What the board can do is establish a framework in which the employees can feel safe bringing their concerns to the GM. First, the board can assure the employees that it will uphold a strict prohibition on retaliation, requesting them to return to the board if they perceive they are the target of retaliatory action. (In the event of claims of retaliation, the board should hire an investigator to find the facts.)
Next, the board should hold the GM accountable by requesting regular progress reports in the meeting packet, with opportunity to discuss at board meetings. Unless there are individual staff performance issues involved, these discussions don’t have to be in executive session. In this way, the staff bringing the complaints to the board can be assured that nothing is being swept under the rug, while they still have to talk directly to the GM to address their dissatisfaction.
Additionally, regular employee surveys with at least 95 percent participation provide important context for boards when evaluating the claims that fall in this third bucket of dissatisfaction with GM leadership.
Some advice for general managers
Feeling defensive in such situation would be understandable.
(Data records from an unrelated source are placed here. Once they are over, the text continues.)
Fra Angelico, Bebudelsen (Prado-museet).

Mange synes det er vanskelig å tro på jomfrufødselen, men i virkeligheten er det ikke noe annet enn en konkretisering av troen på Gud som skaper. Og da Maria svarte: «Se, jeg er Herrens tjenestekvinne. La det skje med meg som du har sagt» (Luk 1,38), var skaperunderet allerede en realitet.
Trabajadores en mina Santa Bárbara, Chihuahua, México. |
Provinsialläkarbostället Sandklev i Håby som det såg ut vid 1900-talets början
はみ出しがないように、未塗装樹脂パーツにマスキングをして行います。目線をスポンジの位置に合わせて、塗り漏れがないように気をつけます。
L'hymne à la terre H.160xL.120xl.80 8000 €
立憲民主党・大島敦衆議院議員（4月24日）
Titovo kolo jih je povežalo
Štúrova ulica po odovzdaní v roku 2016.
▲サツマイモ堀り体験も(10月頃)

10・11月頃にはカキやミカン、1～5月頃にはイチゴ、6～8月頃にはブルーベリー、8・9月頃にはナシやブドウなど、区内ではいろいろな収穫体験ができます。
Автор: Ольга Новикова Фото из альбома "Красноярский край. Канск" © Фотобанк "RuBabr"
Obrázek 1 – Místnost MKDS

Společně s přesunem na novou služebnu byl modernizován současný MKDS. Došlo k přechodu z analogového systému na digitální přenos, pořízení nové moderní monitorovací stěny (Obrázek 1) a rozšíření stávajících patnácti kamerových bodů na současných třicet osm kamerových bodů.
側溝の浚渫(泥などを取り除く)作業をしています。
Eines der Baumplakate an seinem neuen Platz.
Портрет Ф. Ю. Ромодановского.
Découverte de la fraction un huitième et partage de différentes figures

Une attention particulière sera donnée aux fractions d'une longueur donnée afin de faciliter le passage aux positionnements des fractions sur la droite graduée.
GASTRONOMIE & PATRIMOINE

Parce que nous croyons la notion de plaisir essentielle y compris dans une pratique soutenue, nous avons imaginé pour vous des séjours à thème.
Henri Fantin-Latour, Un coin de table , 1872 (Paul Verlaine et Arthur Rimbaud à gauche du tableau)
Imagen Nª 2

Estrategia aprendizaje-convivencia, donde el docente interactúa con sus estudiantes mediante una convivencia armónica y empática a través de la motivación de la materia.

Nevertheless, this is a time to deploy your emotional intelligence and demonstrate leadership. If you want your staff in the future to come to you directly and talk openly about their disagreements and concerns, instead of going to third parties such as the board, you need to make yourself a welcoming audience and thank them for their candor.
As a first step, arrange listening sessions with individuals or small groups. In these initial meetings, just listen and ask questions in order to understand. Avoid arguing and defending. Maintain an attitude of curiosity. Take notes as you listen.
Once you have some understanding of the issues underlying the complaints, set up a task force, or several, to develop options for resolving specific concerns. You can invite other staff to participate, not just those who initially went to the board. Report regularly to the staff as well as the board on issues raised and steps taken toward resolving them. Don’t hide out in your office. Make a point of being visible on the floor at strategic times. And if you’re feeling unfairly put upon, draw on outside parties (consultants, NCG staff, other co-op GMs) who can help you see things in a neutral light.
Sometimes a board receives a mixed bag of complaints that fall into two or all three buckets. For example, one co-op GM was accused of:
- unfairly denying vacation requests during an expansion;
- withholding information from the board on the expansion running over budget;
- acting cold, abrupt, and unsupportive to her direct reports.
For the first complaint, the board told the employees to use the conflict resolution procedure. For the second complaint, as a claim covered by the whistleblower policy, the board investigated the facts, also consulting with an outside party for understanding of the appropriate information it should be receiving. For the third complaint, the board instructed the GM to meet with her managers, and report back to the board on her progress in improving that working relationship.
Sorting the different claims into their respective buckets will help prevent confusion and result in fairer outcomes.